Старик и мальчик возвращались с осенней ярмарки. За плечами старик нес короб с нераспроданным товаром: глиняными свистульками и рябиновыми дудками. Мальчик шагал налегке, пряча правую руку под одеждой - в руке он крепко сжимал сахарный пряник. Это было его единственное сладкое лакомство за целый год - каждую осень старик покупал для него такой пряник в лавке у знакомой краснолицей бабы; каждую зиму, каждую весну и каждое лето мальчик вспоминал то угощение и с нетерпением ждал новой ярмарки.

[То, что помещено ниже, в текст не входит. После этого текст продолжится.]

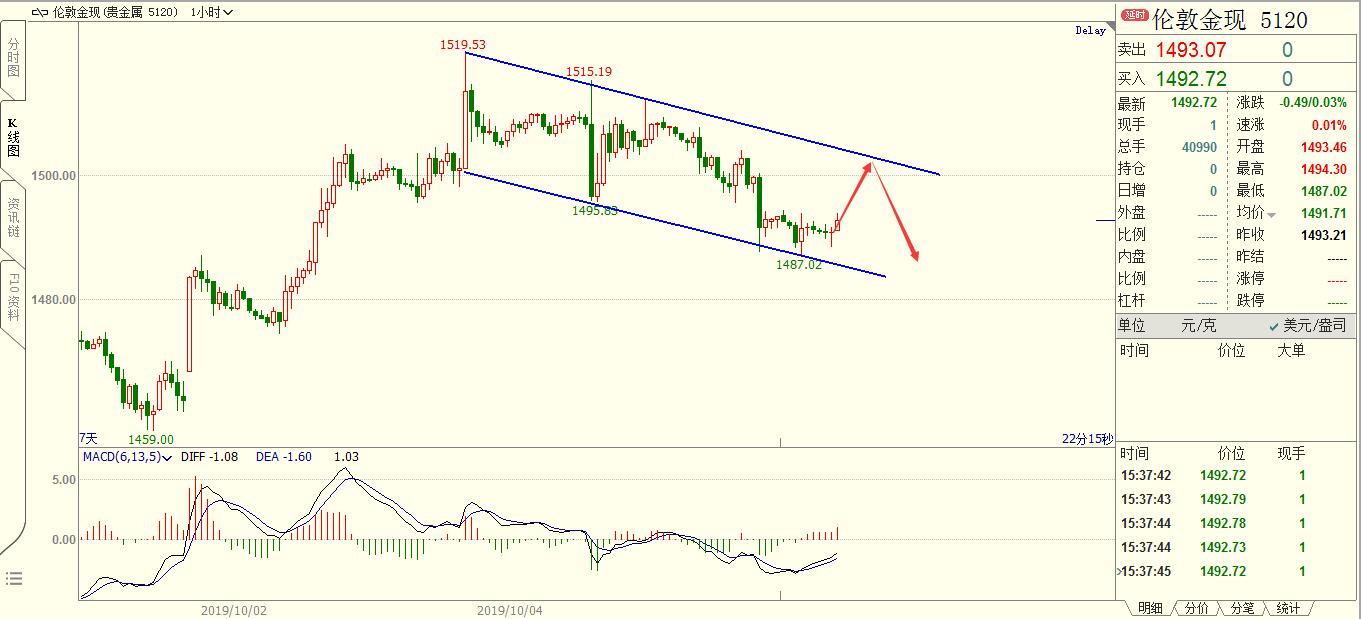你如果还是不能彻底地放过那些不属于你交易系统的机会,还是用侥幸寻找着成功,那么你将永远找不到成功。 而只有彻底的放弃,彻底的遵守,彻底的执行,才是你走向成功的唯一选择! 周四晚间十点,美国公布的9月非制造业数据不及预期,美股跳水,原油跳水,黄金趁机又拉了一波,最高到了1519.5。假期期间,有三个数据全部利好黄金,黄金从1459反弹到1519,振幅也有60美金了。周三1480的多单在周四顺利止盈。 伦敦金1480做多,目标1515。 美黄金比伦敦金高5美金。 周初的时候还倾向于反弹做空,但周三欧盘时段第二次站上颈线1480之后,思路开始倾向于日线

Они нашли приют в конце улицы - за высоким забором постоялого двора. Одноглазый хозяин не позволил войти им в дом, сказал сердито, что все места давно заняты, но, взяв плату, разрешил устроится под навесом старой коновязи. Там уже горел огонь в небольшом очаге, сложенном из камней, там в закопченном котелке кипела пустая похлебка, и несколько босоногих голодранцев, бурча животами, поочередно черпали горячее одной ложкой.
Старик и мальчик, немного смущаясь, погрелись и обсушились возле общего огня, потом отошли в сторону, забрались в большое корыто, набитое соломой, укрылись рогожей и съели по луковице и куску хлеба.

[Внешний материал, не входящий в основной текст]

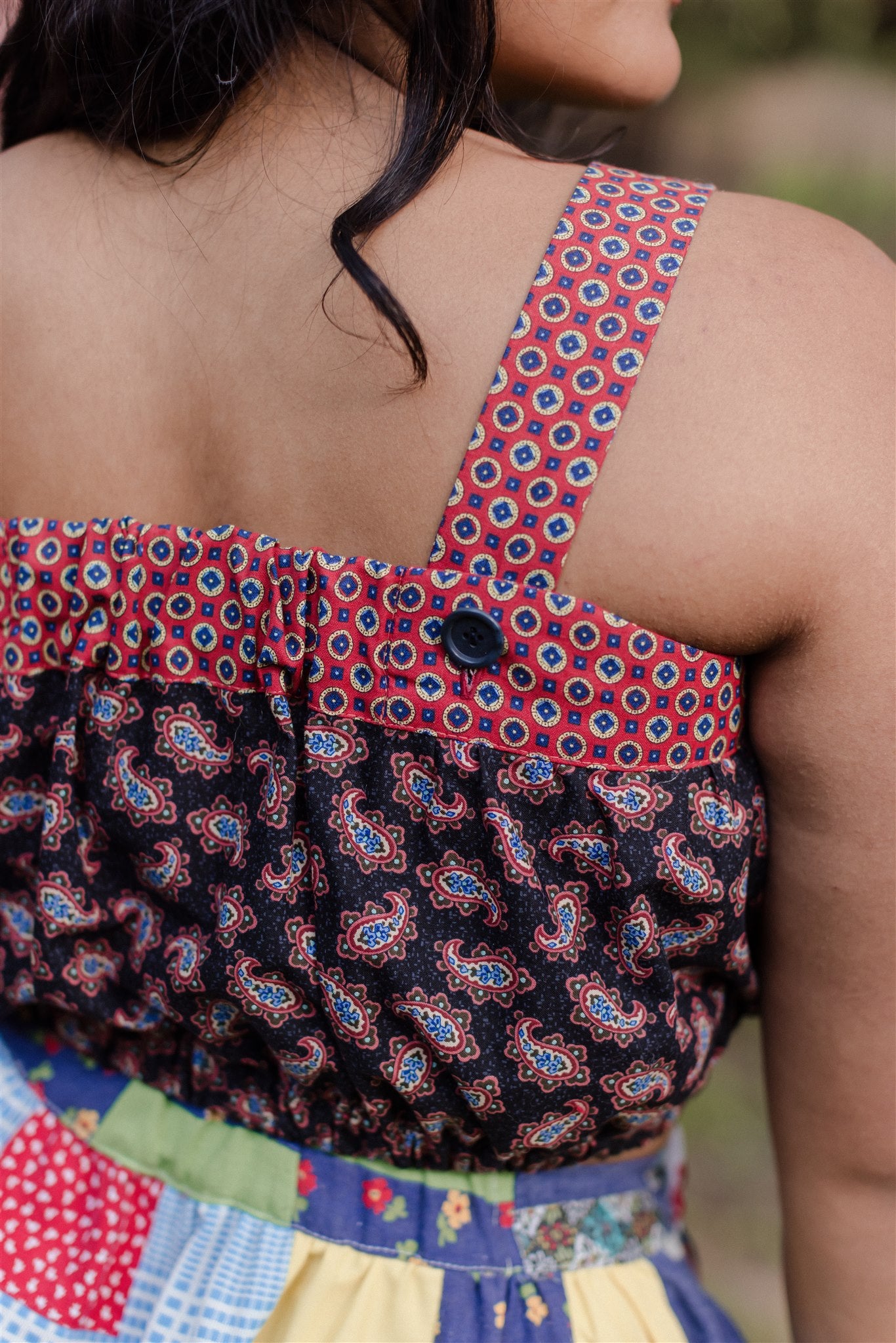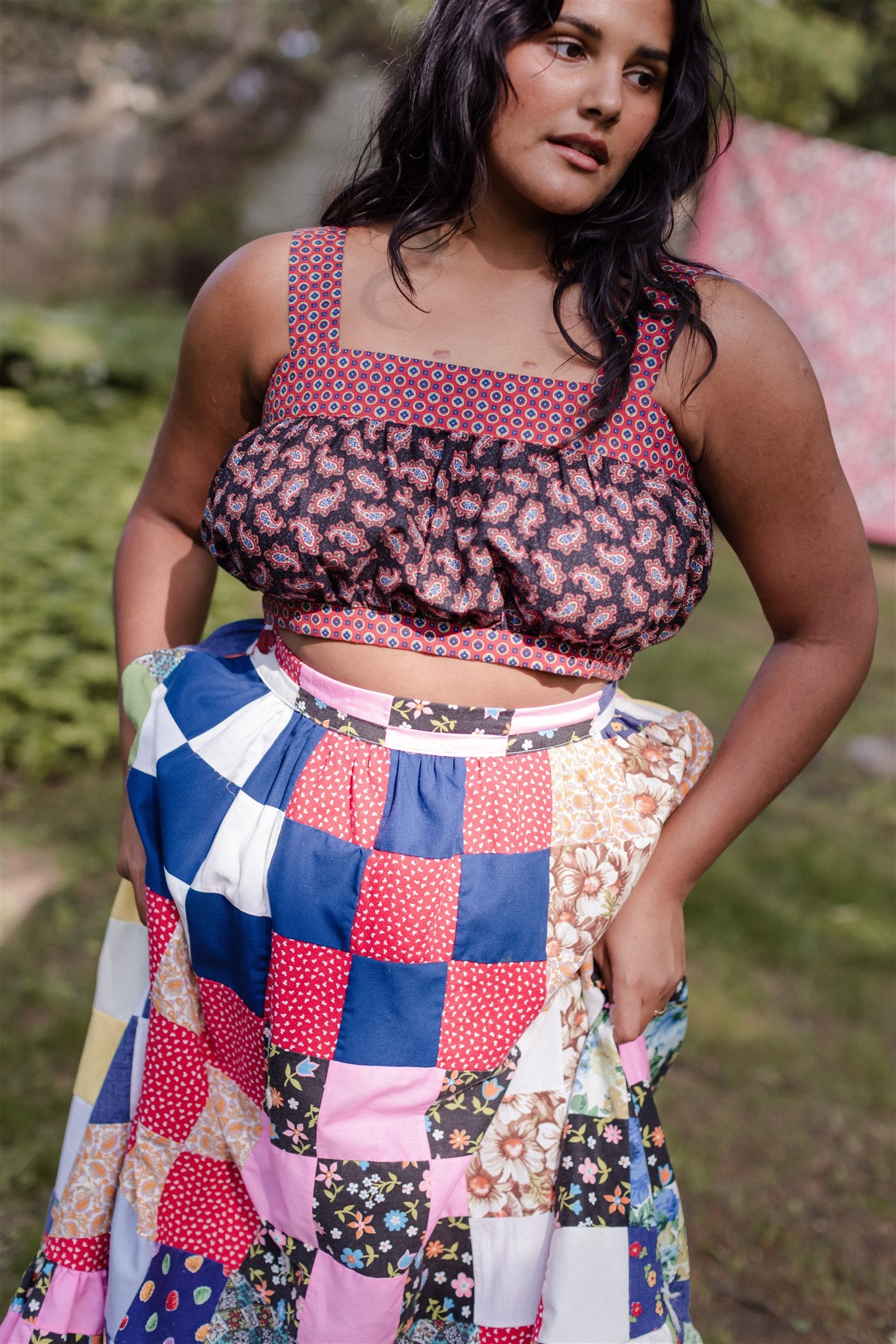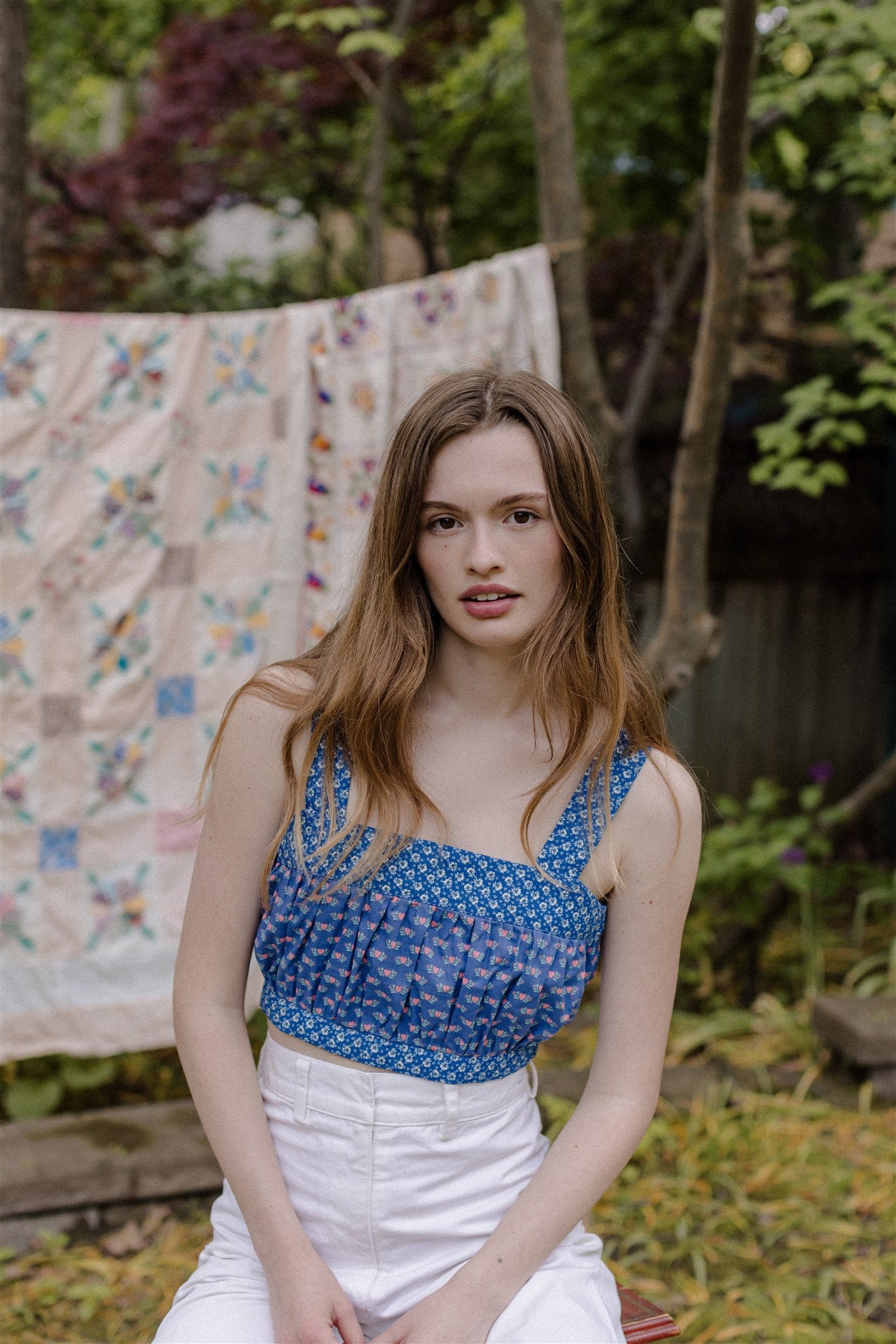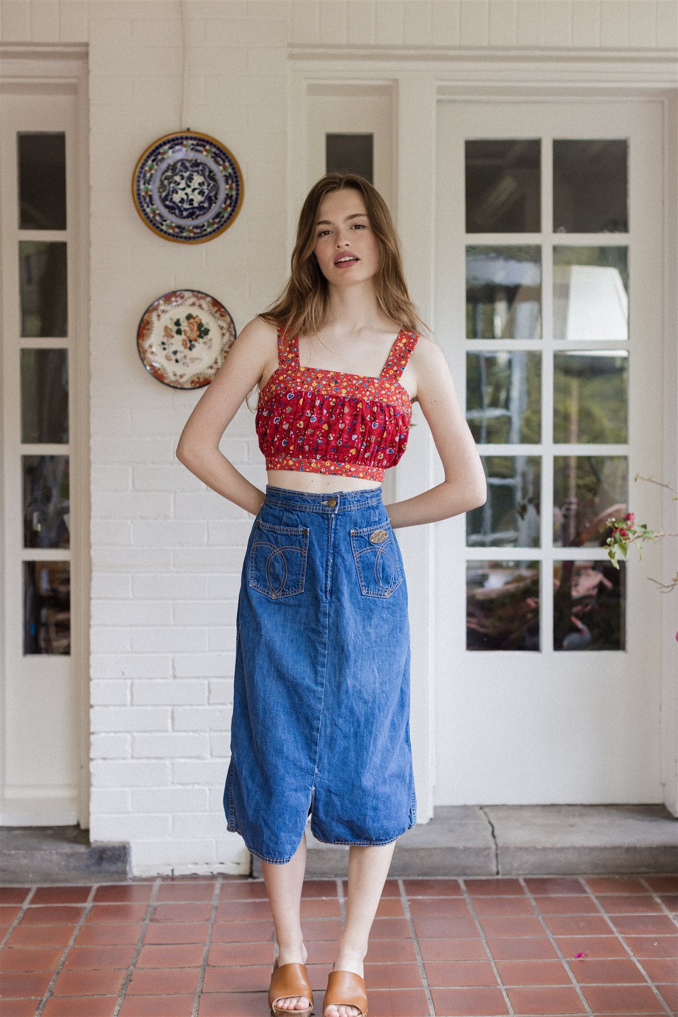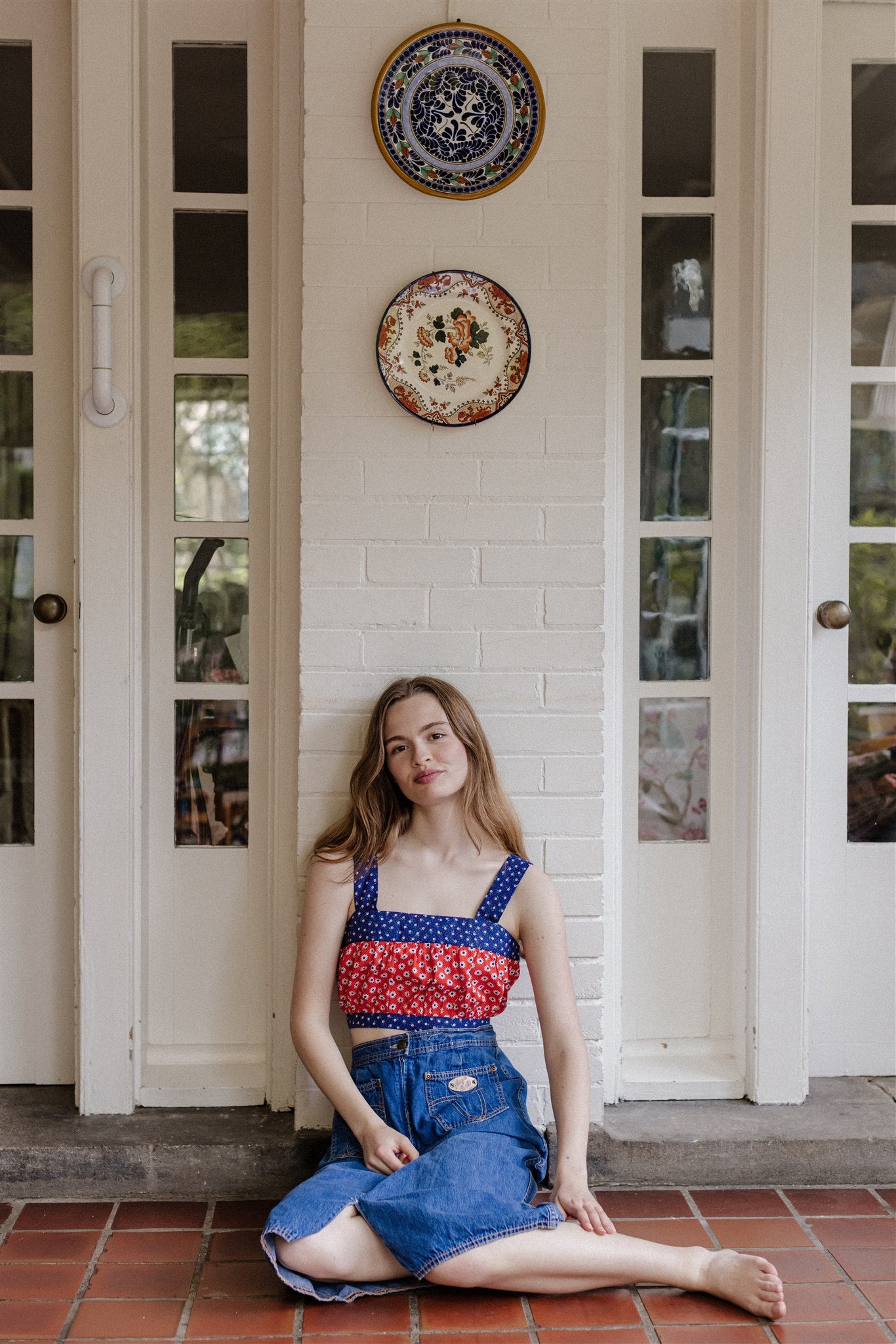 A cropped cut to pair with our Strawflower Skirt, high waisted bottoms and overalls.

- Видишь человека, что лежит под дождем? - тихо спросил старик у мальчика.
- Да, - так же тихо отозвался тот, отщипнув маленькую сахарную крошку от пряника и положив ее в рот.
- А знаешь, кто это?
- Нет.
- Это Железный Хесим, могучий и ужасный.
- Он ужасный, - согласился мальчик, убрав пряник в карман. - Но он не могучий.

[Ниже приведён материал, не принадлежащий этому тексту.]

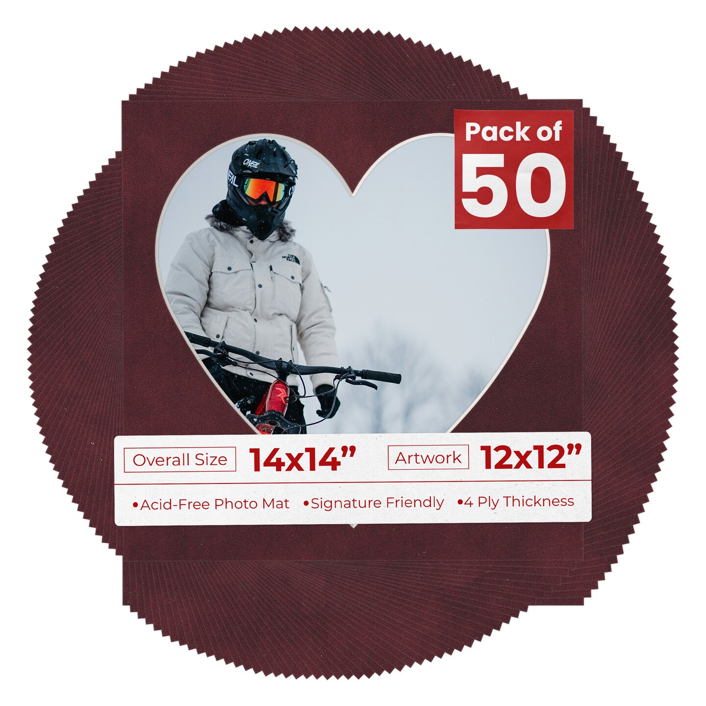 Dark Red Suede Mat Board for 14x14 Frames - Heart Opening for 12x12 Photos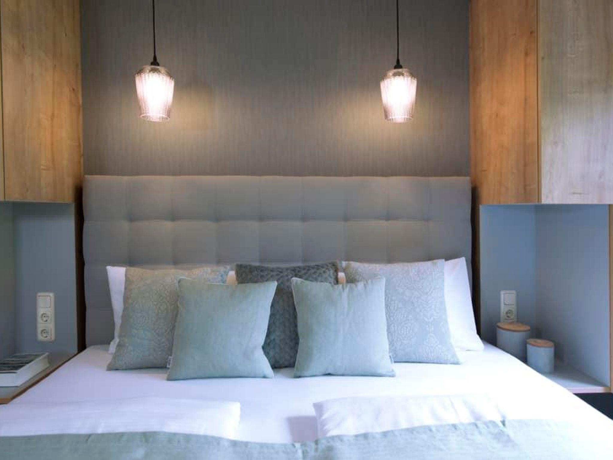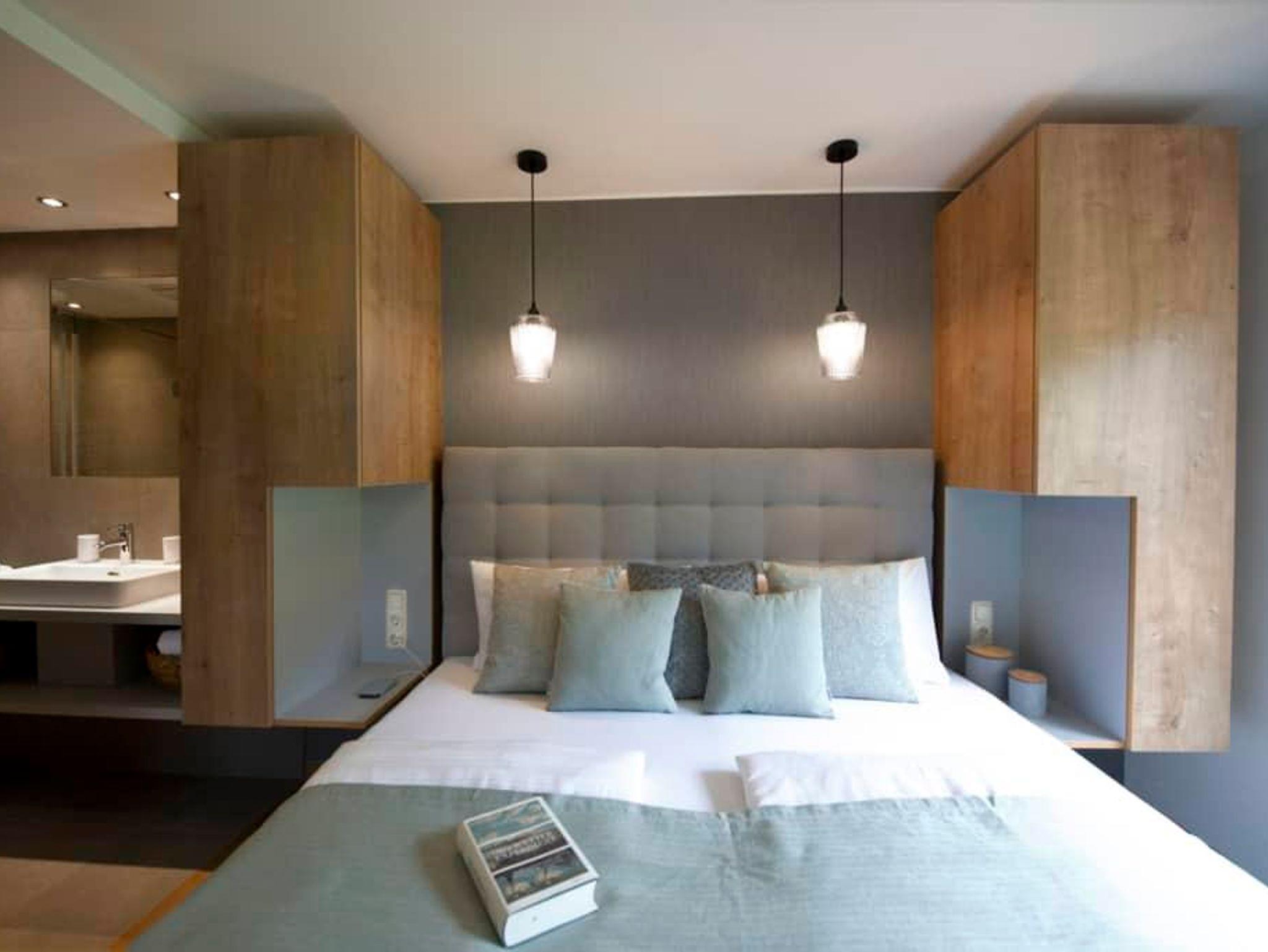 Das Apartment Waage im ersten Stock bietet auf 36 m² Platz für bis zu 4 Personen. Es verfügt über ein Schlafzimmer mit Doppelbett sowie eine Schlafcouch, die ideal für zwei Kinder geeignet ist. Das Schlafzimmer ist mit einem eigenen Badezimmer mit Dusche und WC ausgestattet – für besonderen Komfort und Privatsphäre.

- Сейчас это так, - согласился старик. - Но когда-то всё здесь подчинялось ему одному.
Мальчик долго разглядывал обрубок человека, лежащий на краю коновязи. Несчастный калека оборванец мок под дождем, и никому не было до него дела. Безногий, он тянул единственную руку к каждому, кто проходил рядом, и жалостливо стонал, но никто даже не смотрел в его сторону.
- Что с ним случилось? - спросил мальчик.
- Он всегда такой был, - ответил старик. - Если хочешь, я могу рассказать его историю.
- Хочу.
- Ну, тогда слушай.
* * *
Кузнец и Колдун жили рядом.
Дом Кузнеца стоял на краю леса возле запруженного бобрами ручья, а Колдун обитал за ручьем, в глубине замшелого темного ельника, где на засыпанной мертвой хвоей земле росли кругами только бледные ведьмины грибы. У Кузнеца была дочь, невеликая ростом, тонкая костью, но на удивление сильная и крепкая. У Колдуна детей не было, зато все обитатели леса считали его за своего.
Что Кузнец, что Колдун - оба они были нелюдимы, но редких гостей всегда привечали, прочь не гнали: раз уж добрался сюда человек, раз преодолел страх и дорогу непростую, значит, дело у просителя действительно важное.
Так оно всегда и выходило: кто-то искал лекарство для смертельно больного родителя, кто-то просил наладить заморский механизм, великие непогоды предсказывающий, а кто-то просто испрашивал совета, как заново строить порушенную жизнь.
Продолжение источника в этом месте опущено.